[R6RS] Unicode titlecase algorithm

Thu May 10 07:20:54 EDT 2007

Mike wrote:
> We decided to adopt Will's suggestion of adopting the official Unicode
> titlecase algorithm.  Unfortunately, I can't find a specification of it
> on the web right now: The Unicode site says PDFs for the standard are
> temporarily offline.  Could somebody help me out?

If you're asking for citations, you should cite:

    the main Unicode standard (currently 5.0)
    Unicode Standard Annex #29
        ( http://www.unicode.org/reports/tr29/ )

If you're asking for a simple specification of the
algorithm, there isn't one.  About the best you can
do is to change the sentence that, in 5.92, says

    The string-titlecase procedure converts the
    first character to title case in each
    contiguous sequence of cased characters
    within string, and it downcases all other
    cased characters; for the purposes of
    detecting cased-character sequences,
    case-ignorable characters are ignored (i.e.
    they do not interrupt the sequence).

to

    The string-titlecase procedure converts the
    first cased character of each word to title
    case, and downcases all other cased characters.

That sounds simple, but the hair lies in the
definition of a word.  The Unicode standard
explicitly defers to UAX 29 on this point, and
the definition of a word in UAX 29 is neither
simple nor categorical.  (In particular, word
breaking is allowed to be locale-sensitive.)

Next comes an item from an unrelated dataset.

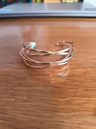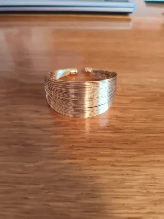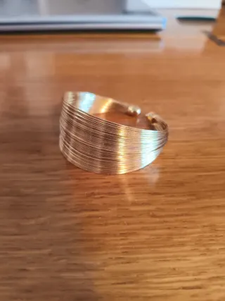 Elegante pulsera dorada con un diseño de múltiples alambres entrelazados. - Acabado brillante. - Estilo abierto ajustable.

The fact that the Unicode committee understands
that categorical specifications are not always
desirable does not bother me, of course; I point
it out only because it might bother some of the
other editors.

I guess I should also point out that UAX 29 is
implicitly part of the specification for both
string-downcase and string-foldcase, since the
casing of Greek sigma is defined with respect to
word breaks, which are defined by UAX 29.

Will